Sunday, September 9, 2012

Unit 6 Universal Loving-Kindness





The exercise and assessment progress works. I find myself calm and understanding of hope towards other individuals as well as a part of me that can help. Without personal integrity and confidence, one cannot give to another what is necessary. So, the areas of development I chose today, here on my birthday, are confidence and personal trust. I must develop and grow in these areas and maintain the balance so I can give this balance to others. This is why I chose this area of development.

To bring forth a strategy I must understand my weaknesses. I am weak in balance and maintenance. I can do well for short episodes but when I meditate I can see a significant improvement in clarity and control. I can allow time for meditation and allow myself to grow. I must not be scared of my new approach or its delicate structure, but embrace its new ability and transform my current inner health to a stronger inner health.

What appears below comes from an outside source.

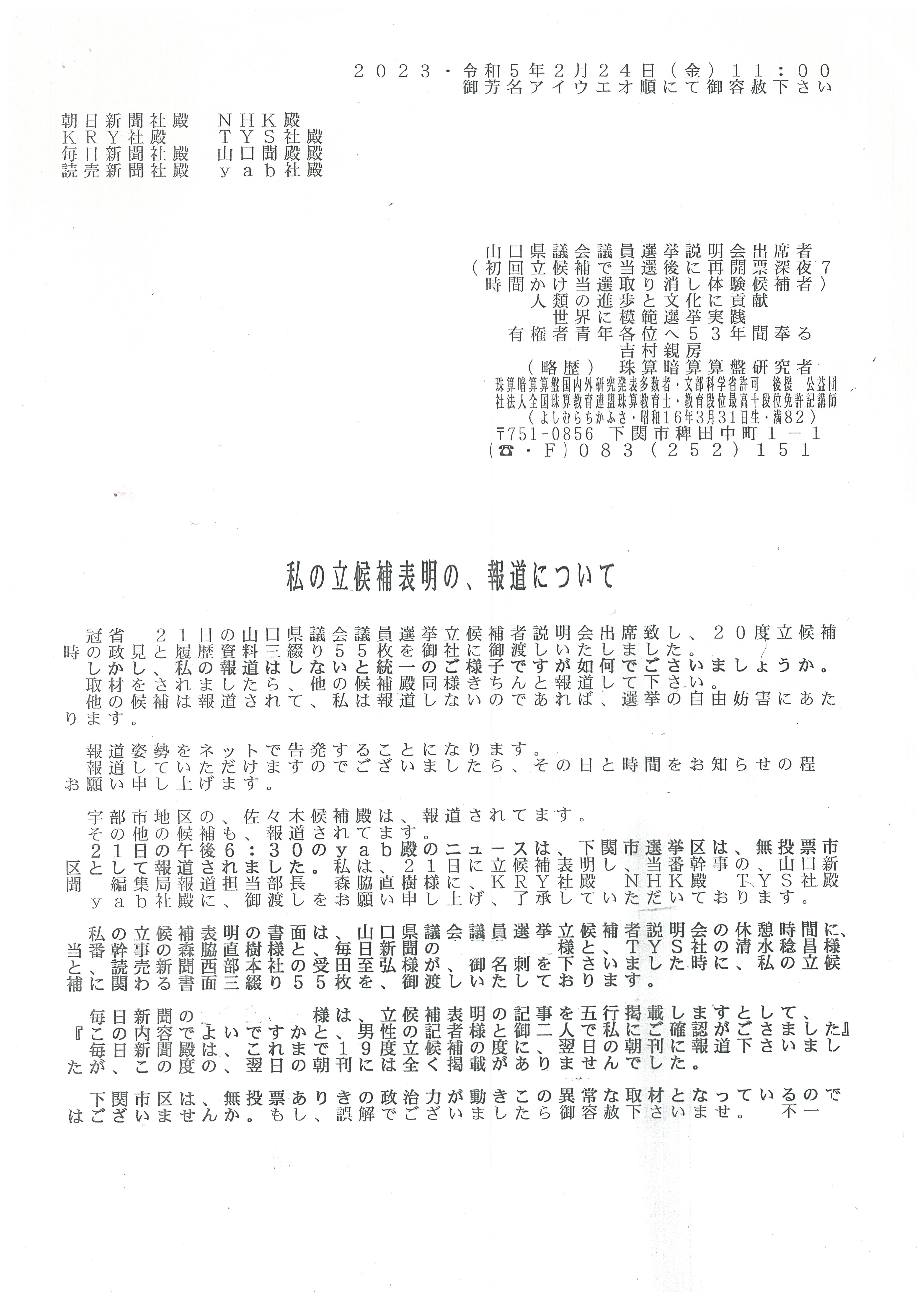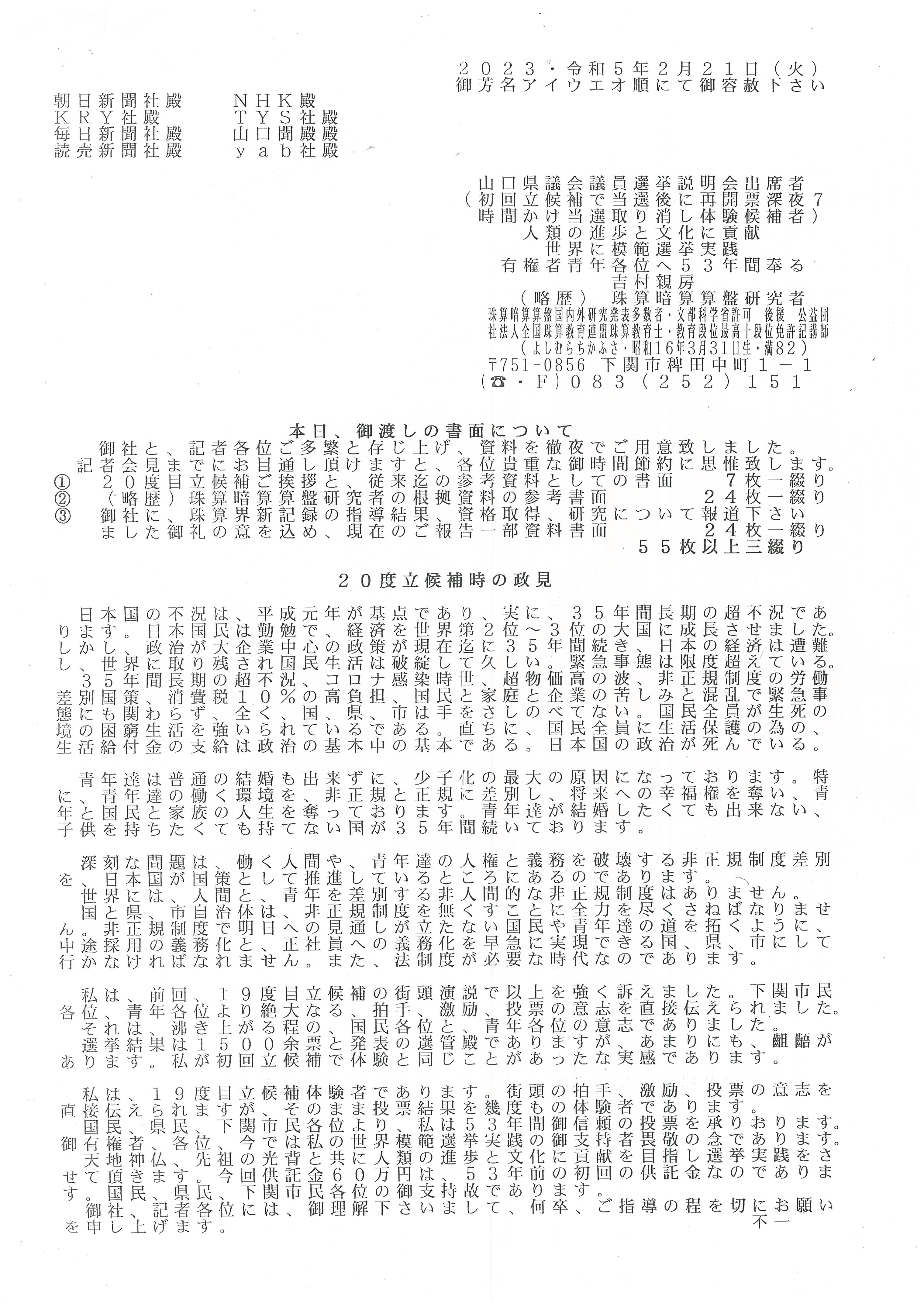 以下に、令和5年2月24日に下関市役所で行なわれた、新聞各社とテレビ局各社による吉村親房の山口県議会議員選挙立候補の共同記者会で吉村親房が報道各社にお渡しした書面です。

While browsing I found quotes to build confidence:
 

Monday, September 3, 2012

Unit 5 Calm Abiding Exercise




Subtle Mind Exercise

Loving kindness gives us a feeling of giving, and concentrates on giving and dissolving a loved one’s problems as well as the entire world as a whole. You reach a real comfortable place and cannot move any limb of your body. After loving-kindness you know how to relax the mind, and get to a consciousness where you have let go. After the session you feel rejuvenated and reset even as you progress through each new time. The subtle mind exercise has moments where you cannot move as well, you are actually in the same consciousness but the new directions allow you to focus on a different thing, a focal point such as your breathing. Incredibly your mind cannot just focus on the breathing it brings up random memories and ideas that you have to wield off. Letting go of each thought is difficult because some thoughts linger for more time. With that said, you have to reach back to your focal point of breathing. Balancing your breathing, your focus on letting your thoughts go is a matter of practice. I know that I was weak at this exercise because I was jumping all over the place, yet I was able to visualize my thoughts falling into nothingness and directing my focus towards my breathing time and time again. This was the witnessing of the mind, I found that this could be fun as well as relaxing. I didn’t get much analysis of my mind, I did get a first start and found it different and the same as the Loving-Kindness. Nothing frustrating at this time, and life is good!

 
 


 

Spiritual wellness is a balance of our beliefs and values. With that in check, you are now free to use contemplative workouts. I am a strong believer that making right choices in our life brings us balance and happiness. The inner tools we use to develop positive strategies can bring us this wellness. It’s really a snowball effect, one leads to the other and it drives in that direction. I feel best when my behavior is at its best. I don’t just mean doing the right thing and going towards positivity. I mean accomplishing more, becoming more and living more. I take steps to reach these inner goals and this brings me a mental wellness that is a vibrant source to others. With a positive mind, body and spirit you can’t go wrong. I hit the courts and track to really bring a positive vibe and to get in a balanced to get those endorphins. This inner connectedness is something everyone should be aware of and should practice to help one another.